The term “lateral violence” is new to me. In fact, I’d never heard of it before yesterday, when my new friend Jane Devin used the term on her blog. She was referring to having been told about a type of “hazing” that older nurses do to younger ones who are new on the scene, making their work life harder until they learn the ropes, so to speak. Another person and I commented that we’d never experienced that, either as nurses or as students. Hazing? Who had time for that, and who was immature enough to try it?
But the term stayed with me, and I wondered just how prevalent the practice was. A quick Google search this morning astounded me with page after page of references to “lateral violence”, not only among nurses, but among female workers in general. I found that types of behaviors considered lateral violence include:
* Backstabbing, gossiping
* Belittling gestures (deliberate rolling of eyes, folding arms, staring straight ahead or “through” when communication is attempted)

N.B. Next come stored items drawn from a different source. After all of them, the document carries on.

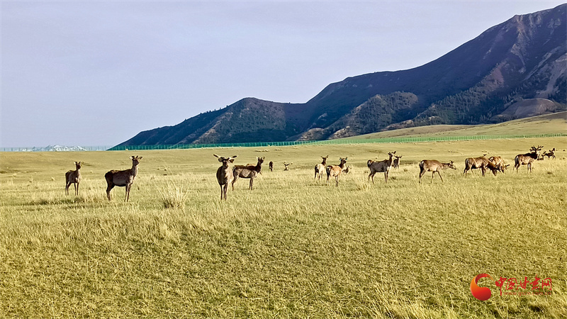 初夏的肅南大河草原牧草逐漸返青,一群群馬鹿在草原上悠閑覓食,游客到來(lái)并沒(méi)有打擾它們的正?;顒?dòng)。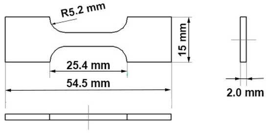 The tensile tests were carried out according to ASTM standard, and the dimensions of the specimens are depicted in Figure 1. Specimens were tested by a tension tester (CMT5305; MST, Jinan, China) with a stretching rate of 3.0 mm·min−1. An automatic extensometer (Sinotest, Changchun, China) was employed to record the strain values. The measurements were performed in ten duplicates, and the results are presented as mean value ± standard deviation (SD). One-way analysis of variance test was applied for comparisons of the means between different groups, with confidence intervals of 95.0% (*, p < 0.05) and 99.0% (**, p < 0.01), whilst NS stands for no significant difference. The fracture morphology and mechanism were analyzed by means of SEM (JCM-5000, Nikon, Kyoto, Japan) fitted with an energy dispersive X-ray spectrometer (Ametek, San Diego, CA, USA).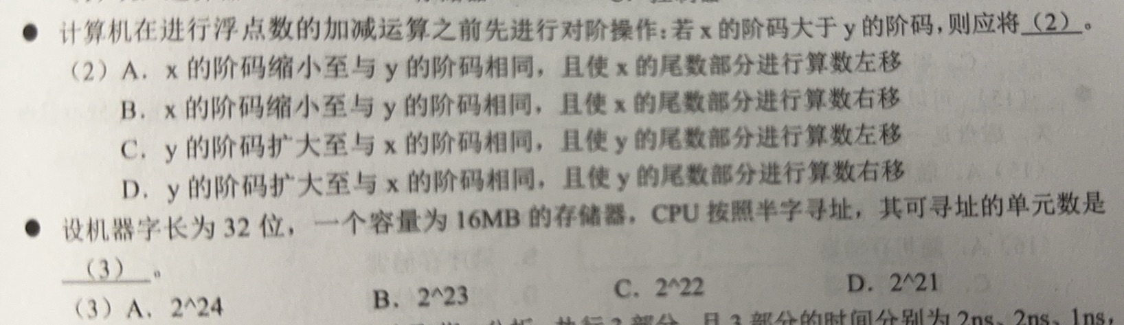 2.字长为32位bit,半字寻址即为 16位bit = 2B;因此,可以寻址的单元数为 16MB / 2B = 2^23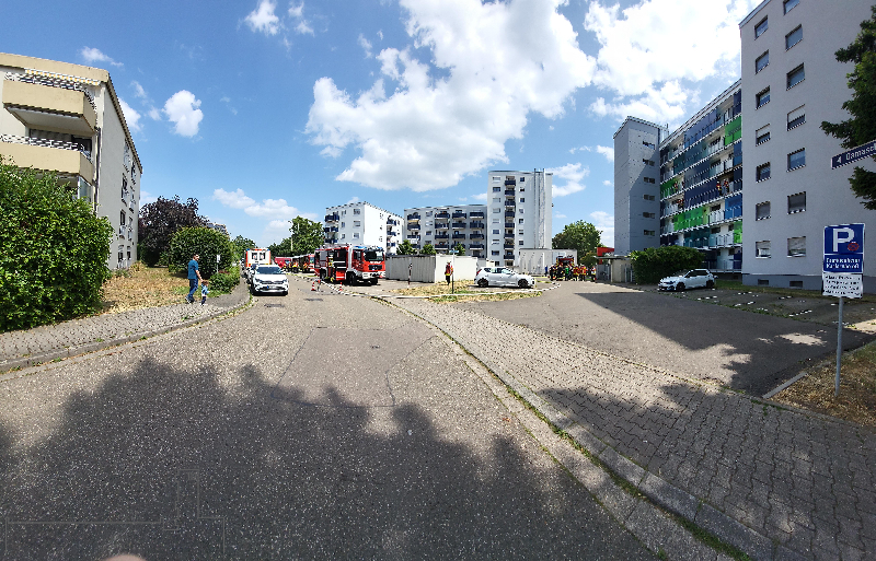 Die Feuerwehr Ettlingen wurde mit der Abteilung Ettlingen-Stadt, dem Löschverband Tal, der Führungsgruppe und dem Einsatzleitwagen 2 der Feuerwehr Malsch zu einem Brand in einem Wohnkomplex alarmiert.

* Constant criticism, scapegoating, fault-finding
* Elitist attitudes regarding work area, education, experience
* Ignoring, isolation, segregation, silent treatment
* Inequitable assignments
* Inflammatory angry outbursts, impatience
* Insults, ridicule; patronizing, or condescending language or gestures
* Intimidation, threats
* Judging a person’s work unjustly or in an offending manner
* Making excessive demands
* Sabotage, undermining
* Unfair evaluations of work
* Unwarranted criticism sarcasm
* Withholding information or support
Okay, yes, I have experienced these behaviors from fellow workers and supervisors, but not just in nursing. Prior to nursing school I did general office work in a succession of temporary assignments, and these behaviors were rampant everywhere, particularly in offices where the majority of workers were women. My mother, an executive secretary for over 40 years, always said she preferred working with men as opposed to women, for the very reasons listed above. My sister and I both found this to be true when we entered the workforce. All-female offices were often simply unprofessional hotbeds of petty behavior not conducive to productivity, in our experience.

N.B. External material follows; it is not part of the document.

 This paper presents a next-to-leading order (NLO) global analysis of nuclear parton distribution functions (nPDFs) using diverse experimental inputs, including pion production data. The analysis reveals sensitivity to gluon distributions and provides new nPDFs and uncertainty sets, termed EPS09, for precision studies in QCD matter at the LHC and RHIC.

This may not matter so much in an accounts receivable office or a production line, as far as the ultimate result is concerned. But in nursing, such behavior can have dire, even deadly, consequences. I do remember, my first week as a new nurse, caring for a very tall, very large man who had had a stroke. He had no control over the right side of his body and was slipping down in bed. I started to try to reposition him, but the bed wheel brakes had not been set and the bed began rolling. As he kept slipping, his wife and I tried to keep him from falling to the floor, and I pulled the emergency cord for assistance. No answer. After a few more minutes of struggling, I pulled the cord again. No answer. I kicked the metal trash can across the room, hoping it would get someone’s attention. It didn’t. After some time his wife and I were able to position the patient safely, set the wheel brakes, and I made my way to the nurses’ station.
The scene at the nurses’ station was unbelievable. Call lights were flashing, buzzers were going off, phones were ringing, nurses were screaming at each other, unit secretaries were sitting with their arms folded, refusing to answer call lights or phones. I remember being so incensed that I shouted loudly, “SHUT UP! What’s the matter with you people??” They stopped long enough for me to relate what had just happened in the patient’s room, and though everyone was quieter after that, they all went about their work in a sullen fashion the rest of the day, barely speaking to each other. No one was helping anyone else, and patient care was suffering as a result.
That first week there was also the incident with “hiding linens.” When I went to the clean laundry cart to get bed linens for my patients, there were never enough sheets available. A veteran nurse clued me in and said, “If you want sheets, you have to hide them.” I was appalled to learn that nurses were hoarding extra bed linens in their lockers. When the day finally came that NO linens were available for my patients, I raided every locker until I had the sheets and pillowcases I needed. I was warned I would be making enemies among my fellow nurses. Too bad. Patient care comes first. I didn’t win any popularity contests after that, but I was young and idealistic enough not to care. I later went to work at another hospital, working closely with a small staff on the evening shift, and was fortunate to enjoy working in a much more professional environment, before leaving nursing to go on to other areas in the medical field.
So now it’s called “lateral violence.” To me, it was simply the misfortune of working in another all-female environment. It’s not nurse behavior, it’s female behavior of the worst kind, but the implications are more dangerous in the “helping professions.” The stress alone that results from enduring these behaviors is distracting enough that serious mistakes can be made.
We heard a running joke that such troublemakers in the workplace had “man trouble”, that either they were in a bad relationship or had NO relationship and were taking out their frustrations on everyone else. But it’s no joking matter. Add to the usual stresses and strains of nursing, particularly coping with a shortage of nurses, concerns about the economy and the resulting family stresses, and you have a situation that endangers us all.
It seems more medical facilities and companies are recognizing the problem and developing strategies to lessen the incidence and impact of lateral violence, but there’s a long way to go. The nursing profession is difficult enough without pitting nurse against nurse. Being a part of the solution can save lives, so let’s get with it, everyone.